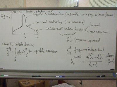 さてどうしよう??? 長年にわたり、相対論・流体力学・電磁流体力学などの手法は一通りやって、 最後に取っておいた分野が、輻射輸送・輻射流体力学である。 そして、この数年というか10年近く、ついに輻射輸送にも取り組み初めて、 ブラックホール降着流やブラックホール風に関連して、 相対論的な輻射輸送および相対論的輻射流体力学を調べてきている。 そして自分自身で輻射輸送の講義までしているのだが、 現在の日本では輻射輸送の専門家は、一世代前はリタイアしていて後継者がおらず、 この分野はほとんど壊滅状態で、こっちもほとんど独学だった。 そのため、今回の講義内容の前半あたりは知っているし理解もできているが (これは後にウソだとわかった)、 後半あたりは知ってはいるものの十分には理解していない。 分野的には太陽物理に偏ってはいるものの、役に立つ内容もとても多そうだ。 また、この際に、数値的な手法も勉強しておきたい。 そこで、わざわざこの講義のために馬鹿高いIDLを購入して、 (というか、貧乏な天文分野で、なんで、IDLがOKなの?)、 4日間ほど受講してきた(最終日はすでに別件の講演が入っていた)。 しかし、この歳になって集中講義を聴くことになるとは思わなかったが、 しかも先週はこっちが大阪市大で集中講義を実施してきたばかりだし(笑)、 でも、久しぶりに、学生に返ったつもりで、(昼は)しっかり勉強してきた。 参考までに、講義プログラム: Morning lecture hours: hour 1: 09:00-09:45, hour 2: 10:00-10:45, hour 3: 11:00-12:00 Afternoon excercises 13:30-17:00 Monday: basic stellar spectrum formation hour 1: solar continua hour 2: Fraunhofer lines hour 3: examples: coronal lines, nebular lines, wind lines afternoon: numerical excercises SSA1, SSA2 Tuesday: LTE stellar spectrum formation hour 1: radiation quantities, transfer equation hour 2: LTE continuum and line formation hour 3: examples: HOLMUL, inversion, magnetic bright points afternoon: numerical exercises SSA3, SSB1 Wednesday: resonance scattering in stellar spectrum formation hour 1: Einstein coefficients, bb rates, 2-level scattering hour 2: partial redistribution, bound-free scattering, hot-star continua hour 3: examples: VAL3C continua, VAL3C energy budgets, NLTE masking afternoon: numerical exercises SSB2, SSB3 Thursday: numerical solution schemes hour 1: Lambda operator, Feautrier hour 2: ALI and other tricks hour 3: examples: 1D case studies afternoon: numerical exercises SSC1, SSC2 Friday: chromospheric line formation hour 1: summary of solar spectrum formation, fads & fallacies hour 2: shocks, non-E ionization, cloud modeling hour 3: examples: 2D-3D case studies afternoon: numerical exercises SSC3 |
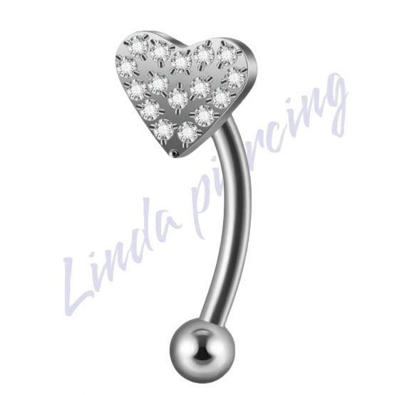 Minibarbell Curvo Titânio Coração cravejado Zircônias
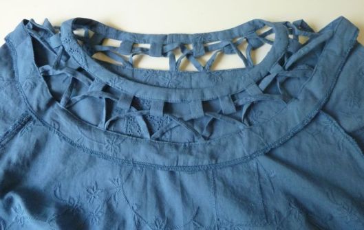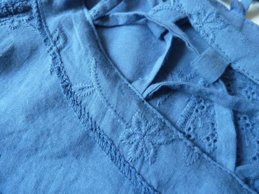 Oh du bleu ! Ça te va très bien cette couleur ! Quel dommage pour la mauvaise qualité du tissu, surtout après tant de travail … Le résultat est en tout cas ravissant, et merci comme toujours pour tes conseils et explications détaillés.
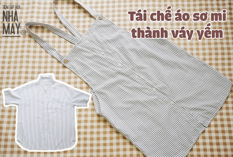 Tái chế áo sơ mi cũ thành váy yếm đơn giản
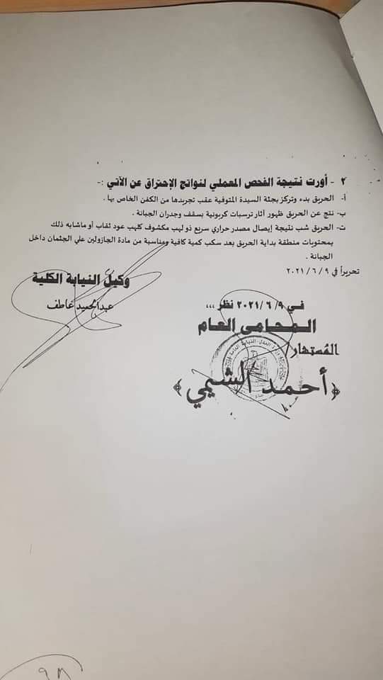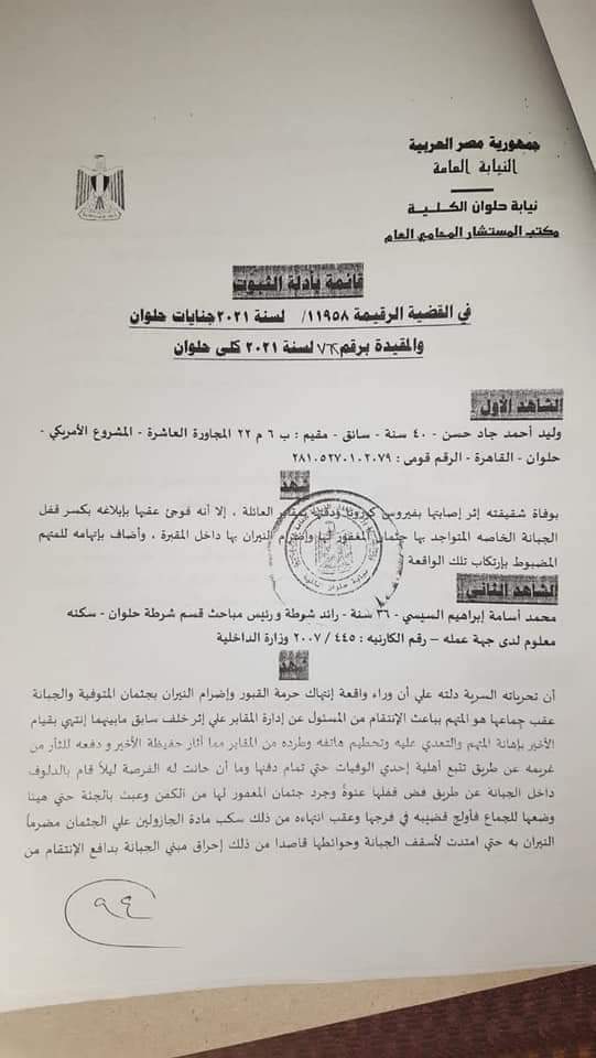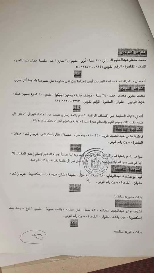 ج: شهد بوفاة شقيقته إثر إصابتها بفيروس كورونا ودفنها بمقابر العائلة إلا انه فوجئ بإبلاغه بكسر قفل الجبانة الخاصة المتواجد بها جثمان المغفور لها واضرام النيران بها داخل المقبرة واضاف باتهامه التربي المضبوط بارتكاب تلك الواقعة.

- _What needs to be done_: Output exactly the lines from the one containing "Oh du bleu !" through the last line of the records above, both included, leaving out any pictures.

- _Output of the task_:
 Oh du bleu ! Ça te va très bien cette couleur ! Quel dommage pour la mauvaise qualité du tissu, surtout après tant de travail … Le résultat est en tout cas ravissant, et merci comme toujours pour tes conseils et explications détaillés.
 Tái chế áo sơ mi cũ thành váy yếm đơn giản
 ج: شهد بوفاة شقيقته إثر إصابتها بفيروس كورونا ودفنها بمقابر العائلة إلا انه فوجئ بإبلاغه بكسر قفل الجبانة الخاصة المتواجد بها جثمان المغفور لها واضرام النيران بها داخل المقبرة واضاف باتهامه التربي المضبوط بارتكاب تلك الواقعة.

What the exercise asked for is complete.